The system relies on major WTPs such as the Bhandup Complex WTP and Panjrapur WTP to ensure that water is adequately treated prior to distribution. The integrated network of raw water conveyance, treatment infrastructure and transmission facilities plays a crucial role in providing continuous and reliable water supply to Mumbai and its adjoining areas.

Consequently, with growing urbanisation, there is no space to lay new pipelines. Hence, BMC has switched to underground tunnels as the primary method for water conveyance. By transferring the network to deep tunnels, water theft and contamination are eliminated. The tunnels also offer maintenance-free, reliable, tamper-proof water conveyance alternatives. The rising hydraulic gradient is another benefit. Many residential areas are located in somewhat elevated areas; hence the tunnels help by supplying water to elevated areas of the city.

Innovative technologies in use

BMC pioneered the use of tunnel boring machines (TBMs), introducing them for water supply tunnels in 1984. Since this milestone, all of BMC’s water supply tunnels have been bored using TBMs. These tunnels are typically constructed at a depth ranging from 50 metres to 150 metres. Due to the high altitude of the master balancing reservoirs and the deep alignment of the tunnels, the internal water pressure ranges from 8 bars to 20 bars (around 290 PSI). To withstand this pressure and prevent a bursting effect, these tunnels are provided with a cast-in-situ reinforced cement concrete (RCC) lining specifically designed for hoop stress.

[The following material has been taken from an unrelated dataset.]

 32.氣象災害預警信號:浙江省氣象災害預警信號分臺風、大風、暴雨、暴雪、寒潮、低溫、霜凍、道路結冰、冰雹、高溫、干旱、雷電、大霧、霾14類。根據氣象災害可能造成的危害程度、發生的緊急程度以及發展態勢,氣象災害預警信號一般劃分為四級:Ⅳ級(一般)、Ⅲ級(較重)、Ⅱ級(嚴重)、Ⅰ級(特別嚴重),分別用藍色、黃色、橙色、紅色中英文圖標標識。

At very weak geological stretches, steel liners of I.S. 2002 grade (boiler quality) with concrete backpacking are installed. Furthermore, to check high amounts of water ingress, various advanced grouting methods are deployed, including cement, silica gel, polyurethane-based single/double component grouting, and sodium silicate and cement mixtures. For larger operations where the tunnel bore diameters exceed 5 metres, horizontal and vertical conveyors are utilised to ensure the efficient transportation of muck from the tunnel face directly to the surface.

Key challenges faced

Conducting geotechnical investigations is the biggest challenge, as the water supply tunnels must be constructed in a straight line at great depths directly beneath highly urbanised areas. Owing to the immense depth of some of the tunnels, engineers occasionally encounter massive water ingress reaching up to 30,000 litres per minute. Managing this situation becomes difficult, as this enormous quantum of water must be both actively pumped out and successfully arrested at such depths.

Moreover, installing the RCC lining reinforcement and casting the concrete in-situ lining is inherently time-consuming. Since this cast-in-situ lining process can only commence after tunnel boring is fully completed, it significantly impacts project timelines. Specifically, while boring progresses at about 375 metres per month and the RCC lining follows at around 325 metres per month, the resulting average overall tunnelling progress drops to as low as 180-190 metres per month.

Most importantly, unauthorised bore wells puncture the water supply tunnels. In such cases, the tunnels have to be repaired from inside, for which the entire tunnel has to be dewatered, ventilated, repaired, filled back, flushed and chlorinated. These repairs are highly expensive and time-consuming, resulting in an outage period of three to four months. During this downtime, maintaining a continuous water supply to the citizens residing in the affected command area becomes an immense challenge.